Pimpinan Komisi Pemberantasan Korupsi (KPK) menolak gugatan administratif yang dilayangkan Kompol Rossa Purbo Bekti atas pengembalian ke Polri. Firli Cs menganggap, gugatan penyidik yang menangani kasus dugaan suap eks Komisioner KPU Wahyu Setiawan itu tidak tepat.
"Pada prinsipnya berisi keberatan dari Mas Rossa tersebut tidak dapat diterima, karena salah alamat," kata Pelaksana tugas (Plt) Juru Bicara Bidang Penindakan KPK Ali Fikri, di Gedung Merah Putih KPK, Jakarta Selatan, Senin (24/2).

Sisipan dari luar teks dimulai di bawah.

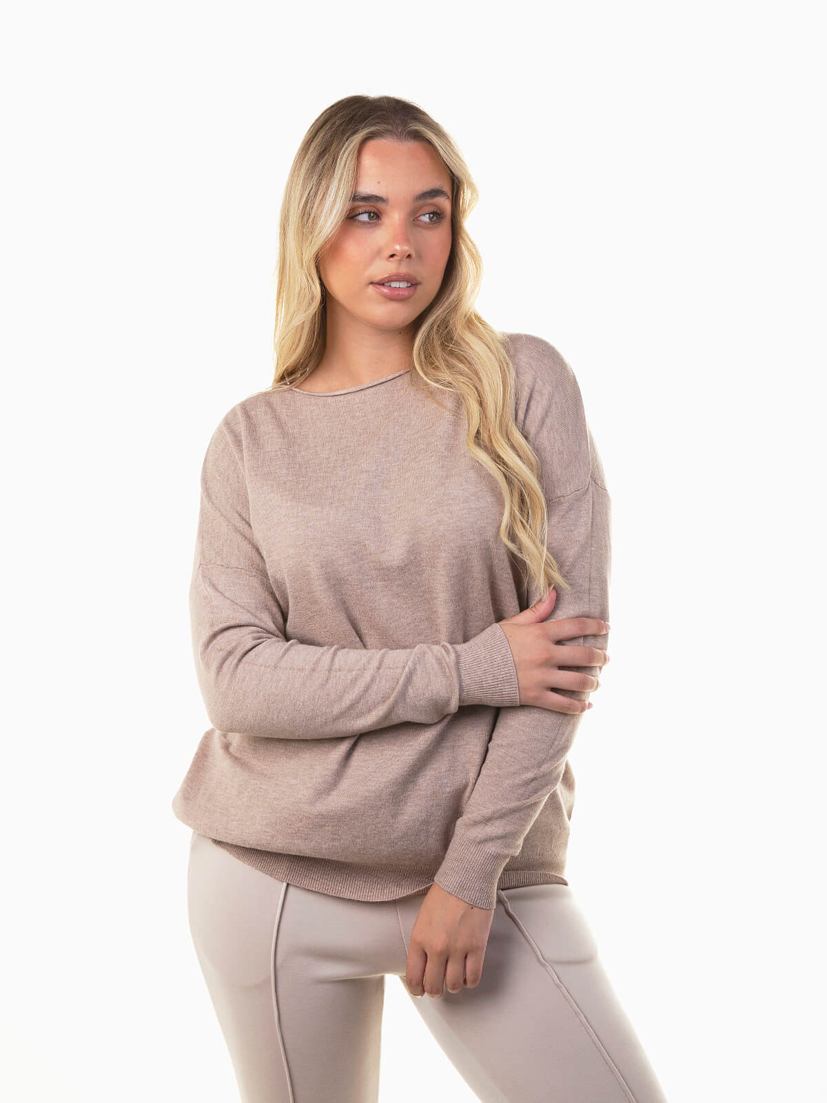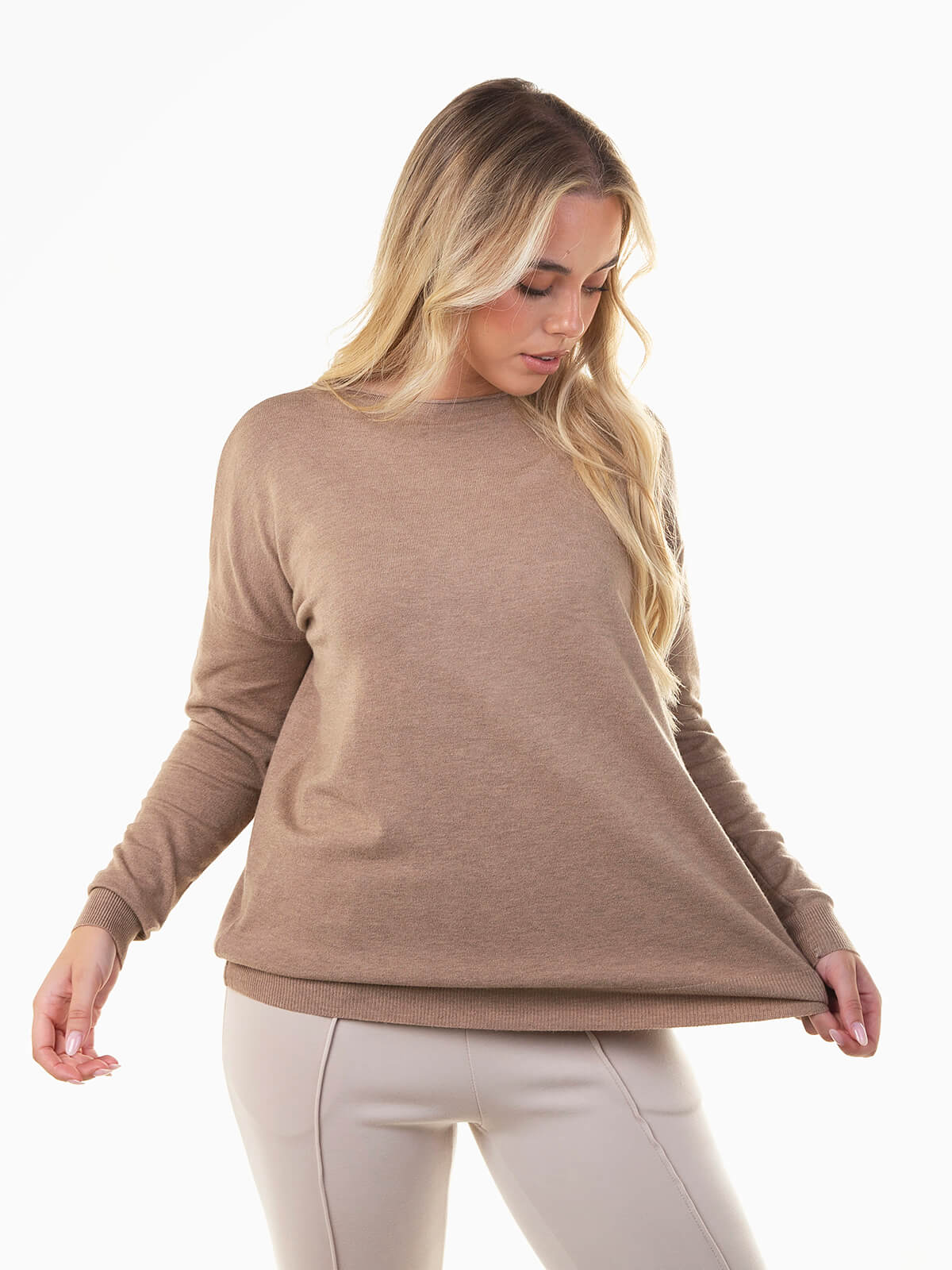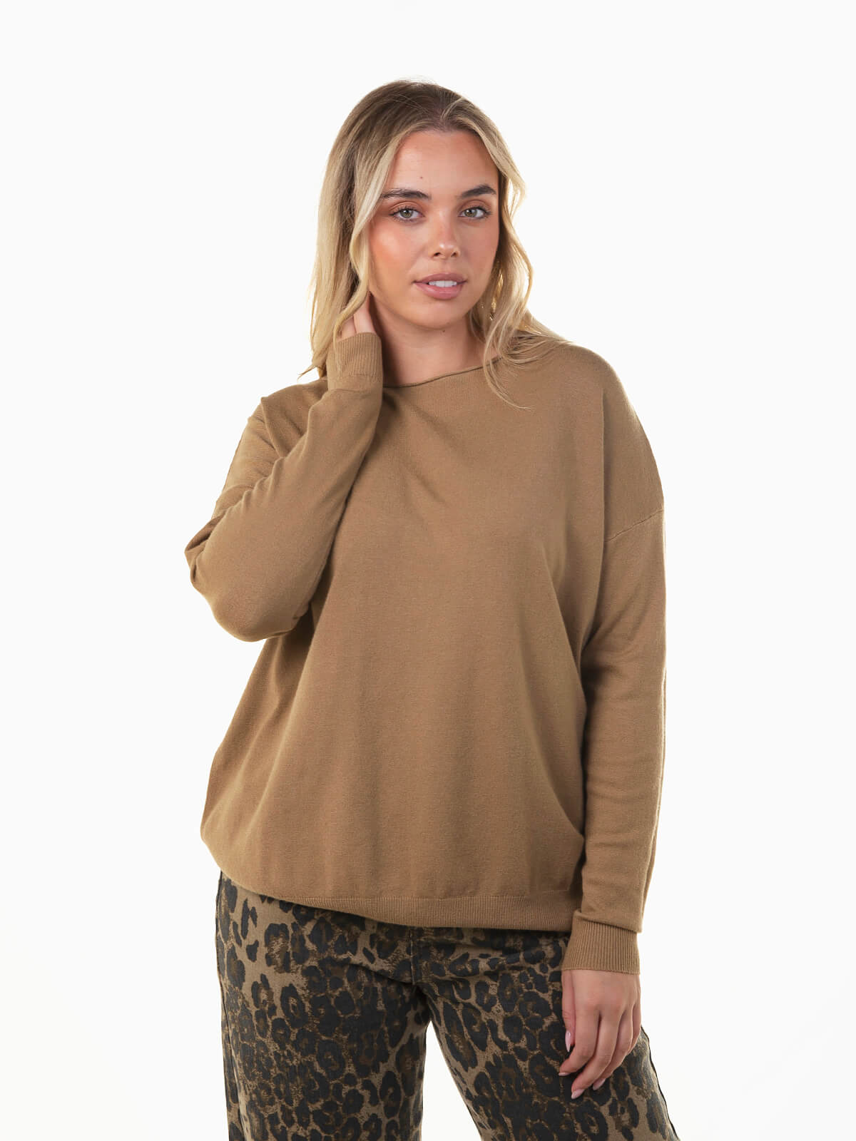 Camisola de malha para senhora, com design moderno e confortável. Apresenta decote barco, mangas compridas e extremidades caneladas, destacando-se pelo acabamento rolling, que lhe confere um toque descontraído e elegante. Uma peça versátil para looks do dia a dia ou coordenados casuais de meia-estação. Combina com jeans de cintura alta e botins para um look simples e cheio de estilo.

Dalam pertimbangannya, Rossa merupakan anggota aktif Korps Bhayangkara yang dipekerjakan di KPK. "Maka, secara hukum kepegawaian dan pembinaan karirnya masih melekat dan tetap tunduk kepada sistem kepegawaian anggota Polri," tutur Fikri.
Fikri mengaku, KPK siap jika Rossa mengajukan gugatan administratif ke Pengadilan Tata Usaha Negara (PTUN). KPK akan menghormati setiap upaya yang dilakukan Rossa.
"Tentunya kami menghormati. Kami ikuti prosedur dan proses itu," ucapnya.
Sebelumnya, Kompol Rossa Purbo Bekti melayangkan gugatan administratif ke Firli Cs atas tindakan pengembalian dirinya ke Polri pada 14 Februari 2020. Langkah itu diambil lantaran proses adiministratif pengembalian dinilai janggal.
Padahal Polri sudah meralat keputusan untuk mengembalikan Rossa dari KPK. Hal itu diutarakan melalui surat tertanggal 21 Januari 2020 yang diteken Wakapolri Komjen Pol Gatot Eddy Pramono. Surat itu menegaskan pembatalan penarikan dilakukan, lantaran masa bakti Rossa bekerja di KPK masih terhitung panjang yakni, hingga September 2020.
Polri juga mengirim surat pembatalan penarikan itu pada 29 Januari 2020. Lembaga yang gawangi Idham Azis itu memilih agar Rossa mengabdi di KPK hingga masa baktinya habis. Surat itu, langsung dikirim ke lima Komisioner KPK.
Alhasil, status pekerja Rossa menjadi tidak jelas. Fikri menampik, KPK lepas tanggung jawab atas penolakan gugatan administratif tersebut. Dia mengklaim, proses administratif pengembalian tersebut sudah sesuai.
"Memang, mekanisme surat (pengembalian) ini sudah jelas. Urutannya sudah jelas. Tetapi kemudian, ada mekanisme keberatan, banding. Itu ada hak yang dilakukan. Nah itu kita tunggu proses itu," ujar Fikri.